Reproduce only the lines below from the line containing "表面は黒糖を使用して特製のお" to the line containing "and styling options.", exactly as written, with both end lines kept. Omit the pictures.
+++ Input data +++
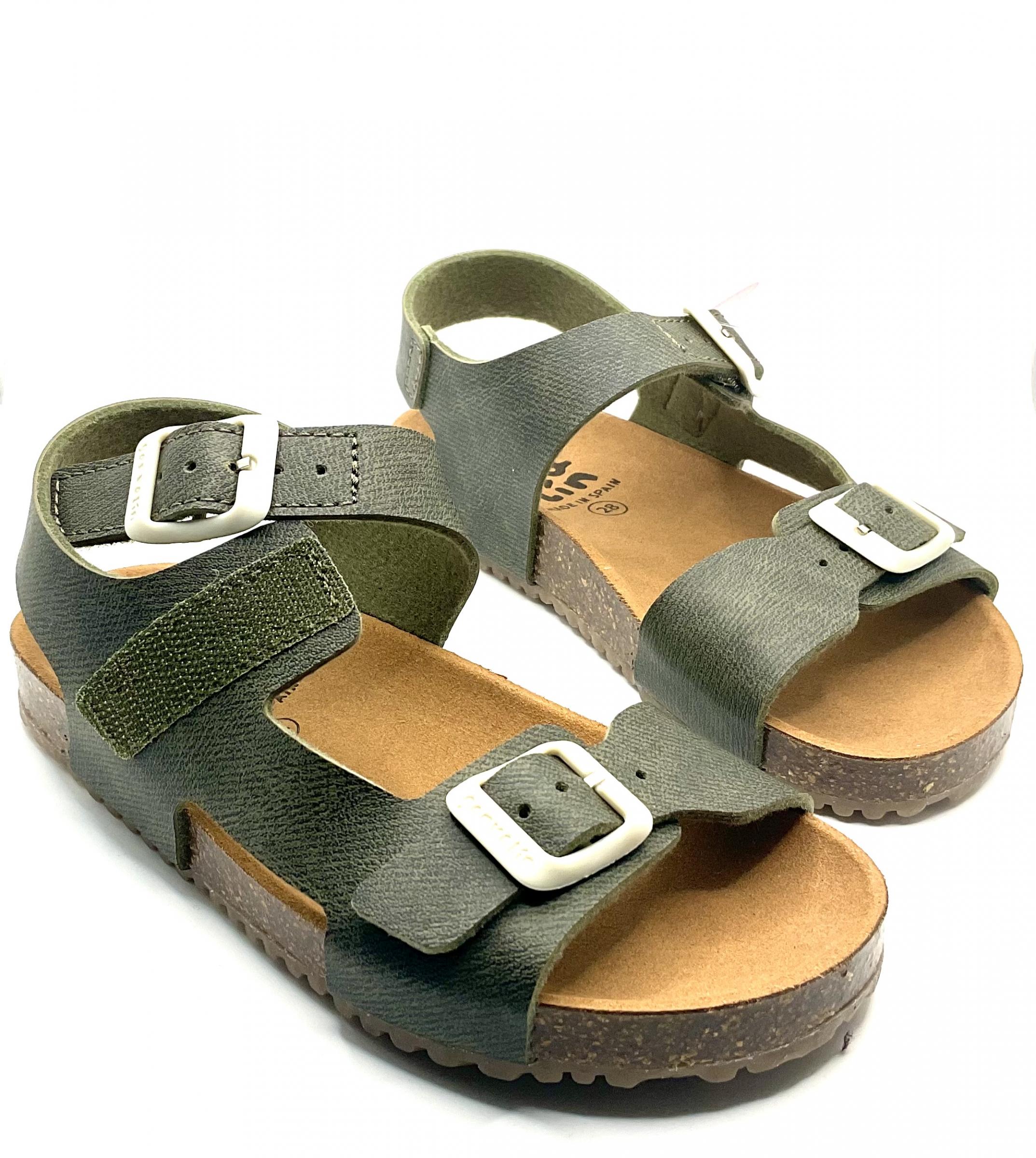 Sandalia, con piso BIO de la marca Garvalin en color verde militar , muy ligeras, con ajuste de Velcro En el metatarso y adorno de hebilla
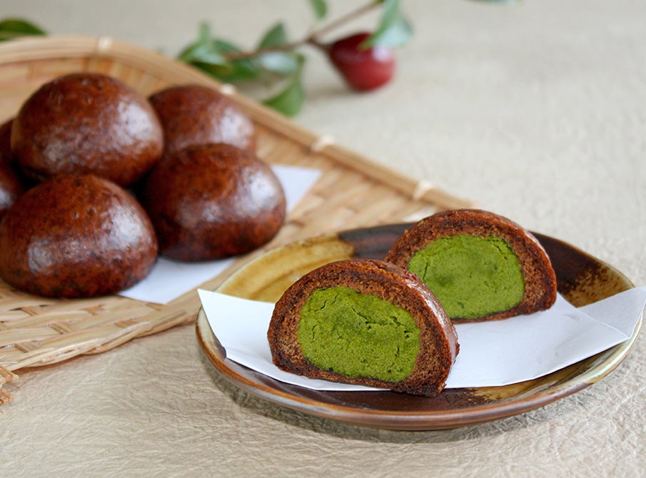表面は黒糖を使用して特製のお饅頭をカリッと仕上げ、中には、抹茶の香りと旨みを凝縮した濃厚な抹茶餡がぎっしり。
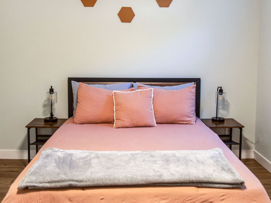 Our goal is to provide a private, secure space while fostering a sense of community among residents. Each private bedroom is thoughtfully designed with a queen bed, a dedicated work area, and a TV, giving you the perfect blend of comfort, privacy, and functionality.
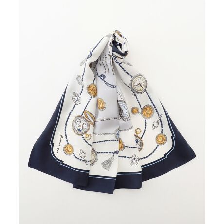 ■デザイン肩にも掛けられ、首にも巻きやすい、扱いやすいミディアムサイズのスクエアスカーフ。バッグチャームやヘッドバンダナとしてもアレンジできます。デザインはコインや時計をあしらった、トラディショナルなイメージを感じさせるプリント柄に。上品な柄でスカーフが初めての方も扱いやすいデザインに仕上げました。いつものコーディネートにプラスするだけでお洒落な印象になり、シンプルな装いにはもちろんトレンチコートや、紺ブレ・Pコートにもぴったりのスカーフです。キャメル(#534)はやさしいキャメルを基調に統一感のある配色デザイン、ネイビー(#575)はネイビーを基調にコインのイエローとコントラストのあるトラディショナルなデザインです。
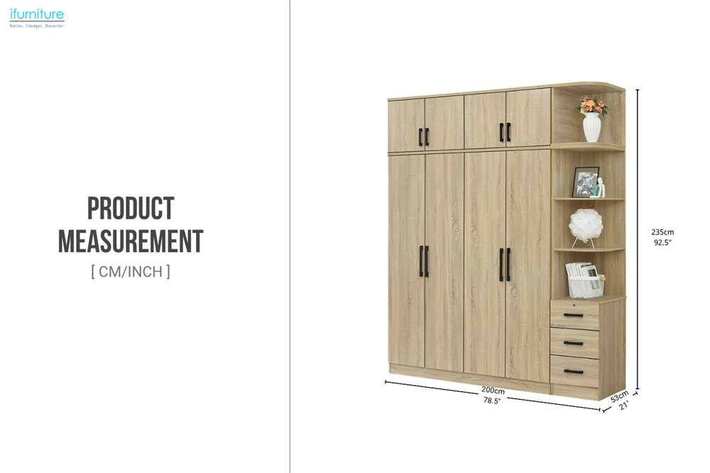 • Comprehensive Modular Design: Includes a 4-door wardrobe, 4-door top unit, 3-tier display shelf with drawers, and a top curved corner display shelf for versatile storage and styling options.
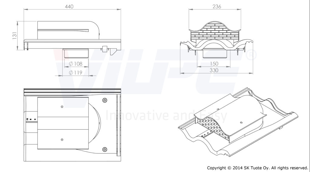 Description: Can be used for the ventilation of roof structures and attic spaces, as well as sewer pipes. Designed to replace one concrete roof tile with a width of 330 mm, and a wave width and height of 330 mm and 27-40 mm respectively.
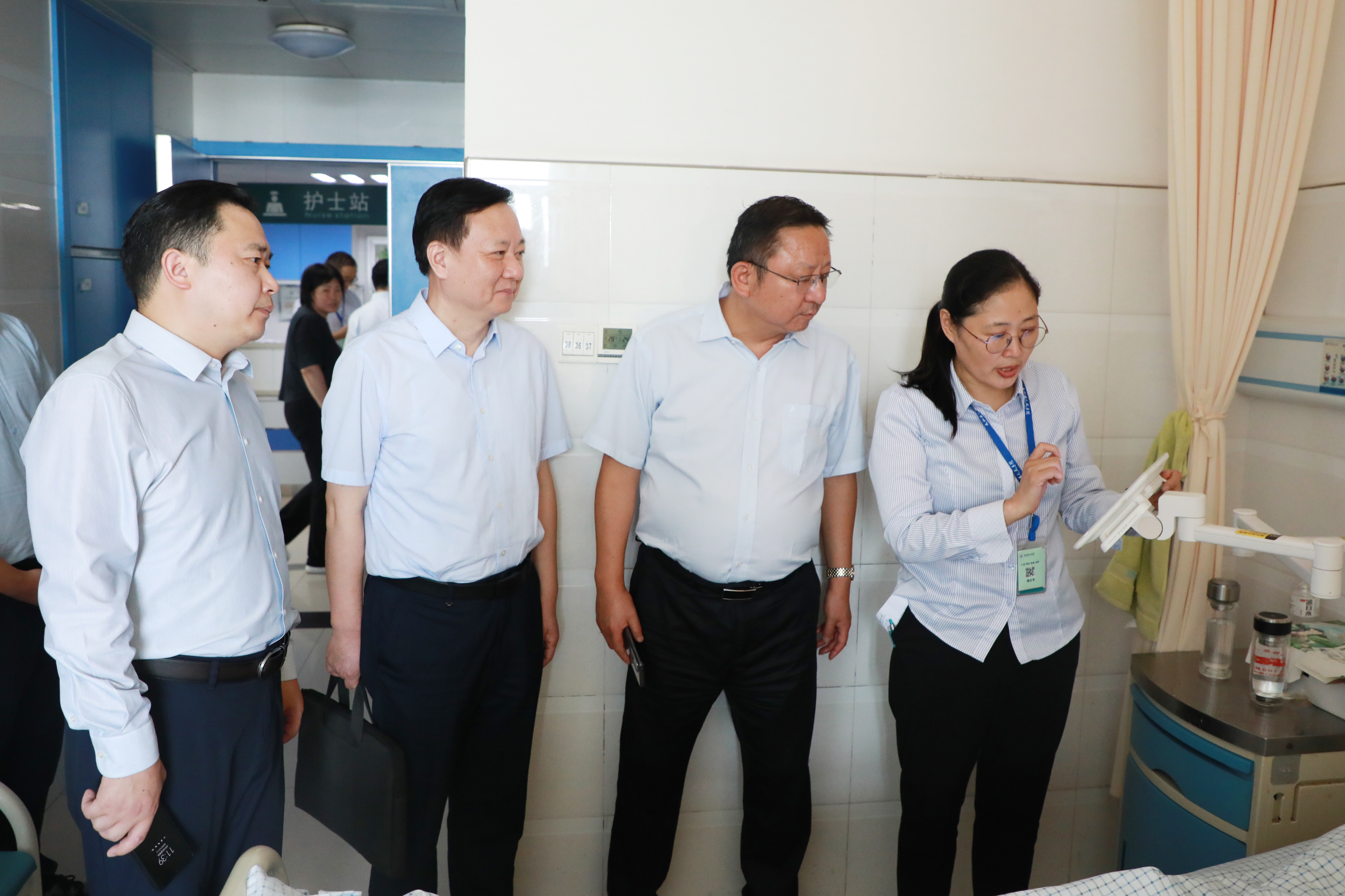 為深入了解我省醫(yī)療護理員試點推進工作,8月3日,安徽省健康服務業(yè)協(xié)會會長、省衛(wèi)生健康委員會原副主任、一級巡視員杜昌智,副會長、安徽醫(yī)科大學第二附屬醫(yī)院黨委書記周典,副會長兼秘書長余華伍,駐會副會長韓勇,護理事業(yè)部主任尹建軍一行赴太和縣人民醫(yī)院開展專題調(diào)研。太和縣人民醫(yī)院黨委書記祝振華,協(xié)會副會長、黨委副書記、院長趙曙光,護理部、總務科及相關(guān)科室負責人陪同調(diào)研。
+++
**Completed task**
表面は黒糖を使用して特製のお饅頭をカリッと仕上げ、中には、抹茶の香りと旨みを凝縮した濃厚な抹茶餡がぎっしり。
 Our goal is to provide a private, secure space while fostering a sense of community among residents. Each private bedroom is thoughtfully designed with a queen bed, a dedicated work area, and a TV, giving you the perfect blend of comfort, privacy, and functionality.
 ■デザイン肩にも掛けられ、首にも巻きやすい、扱いやすいミディアムサイズのスクエアスカーフ。バッグチャームやヘッドバンダナとしてもアレンジできます。デザインはコインや時計をあしらった、トラディショナルなイメージを感じさせるプリント柄に。上品な柄でスカーフが初めての方も扱いやすいデザインに仕上げました。いつものコーディネートにプラスするだけでお洒落な印象になり、シンプルな装いにはもちろんトレンチコートや、紺ブレ・Pコートにもぴったりのスカーフです。キャメル(#534)はやさしいキャメルを基調に統一感のある配色デザイン、ネイビー(#575)はネイビーを基調にコインのイエローとコントラストのあるトラディショナルなデザインです。
 • Comprehensive Modular Design: Includes a 4-door wardrobe, 4-door top unit, 3-tier display shelf with drawers, and a top curved corner display shelf for versatile storage and styling options.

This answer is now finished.